Goldingay also provides a translation from the Hebrew using the Masoretic text. I am not a Hebrew scholar, so I cannot comment much on this aspect of the commentary other than to say that Goldingay’s credentials for translation work are numerous, including a translation of the Hebrew Scriptures called The First Testament: A New Translation. Goldingay is careful to explain his translational choices when necessary and does so without getting bogged down in the minutiae.

The key thing that I personally took away from this text from a big-picture standpoint is that Lamentations is not intended to be a theological treatise. It is emotional, not rational, and it “holds together in an unstable unity a variety of theological themes” (27). Moreover, it is more about the expression of suffering rather than presiding a theodicy of suffering. It is not a book to look to for theological statements, as those statements are being made by individuals enduring the crucible of suffering.

Each chapter of Lamentations receives between 25-40 pages of analysis, where Goldingay goes verse-by-verse through the text. He gives each chapter a thematic title that serves as a powerful summary of the lament:

  • Lamentations 1: “Is there pain like my pain?”
  • Lamentations 2: “He poured out his wrath like fire.”
  • Lamentations 3: “Perhaps there is hope.”
  • Lamentations 4: “He lit a fire in Zion.”
  • Lamentations 5: “Be mindful, Yahweh.”

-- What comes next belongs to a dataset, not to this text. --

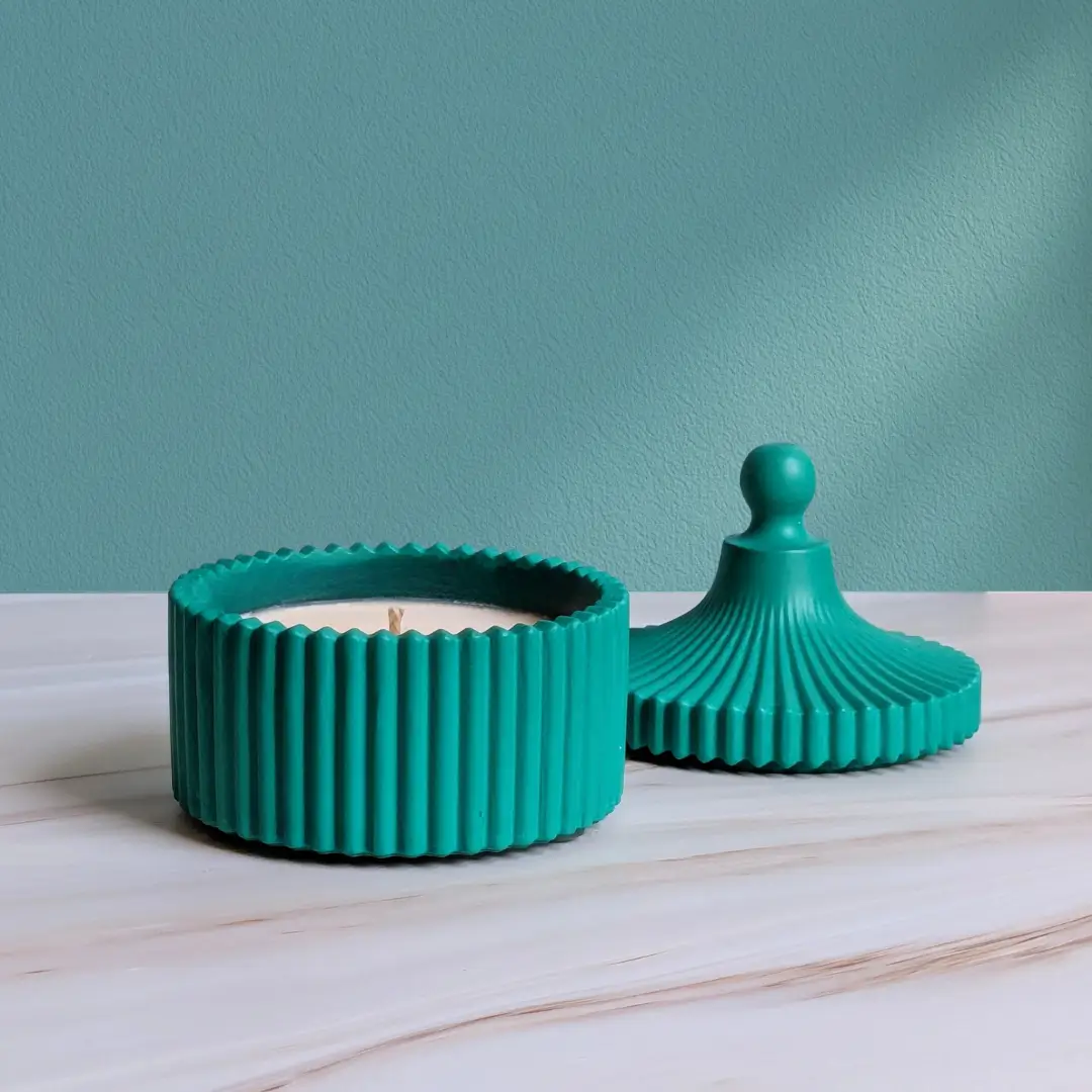 This pot is made from jesmonite, a material that feels naturally smooth and calming to the touch. Each one is handmade by us, so no two pieces are ever exactly the same. The gentle ridged pattern and soft rounded lid give it a cosy, friendly character that feels right at home in any room. Small, simple and full of charm, it adds a quiet beauty wherever you place it.

Each of these chapters ends with an imaginative reader’s response that speculates how someone who has taken part in reading these laments after the Exile might have experienced them. While it is probably the least academic section of the commentary, it is perhaps the most helpful pastorally. I found these sections to be incredibly powerful in showing how similar the laments of Israel are to so many throughout the world today. The feelings of Lamentations are the feelings of Christians struggling with tragedy the world over.

Goldingay also utilizes bullet points to summarize and categorize information, making this among one of the most readable academic commentaries that I’ve had the pleasure of reading. It makes it easy for the reader to break down information and analyze it. The writing style is academic, but informal, making it very readable. Goldingay’s personality shines through and it isn’t as a dusty academic but as someone who truly loves Scripture and wants to ensure readers understand it well. Lamentations makes it clear that we cannot academize lament and grief. Goldingay matches that tone with a writing style that manages to be both empathic and academic.

I also appreciate that Goldingay makes use of many other commentaries on Lamentations, more often than not quoting them directly. It shows that he has truly done the work of researching the literature and has an understanding not only of Lamentations but the academic corpus of writing concerning Lamentations. Commentaries are generally used piecemeal for whatever section a pastor or scholar is working over, but the length and style of Goldingay’s work lends itself toward reading this book cover-to-cover. I personally read this over a six-week period, spending one week on the introduction and five weeks over the five chapters reflecting on lament. It was a deeply spiritual experience, and that’s not something I usually say about commentaries. More than engaging my mind and increasing my knowledge, John Goldingay’s NICOT Lamentations commentary engaged my heart and increased my spiritual understanding of lament, grief, and God.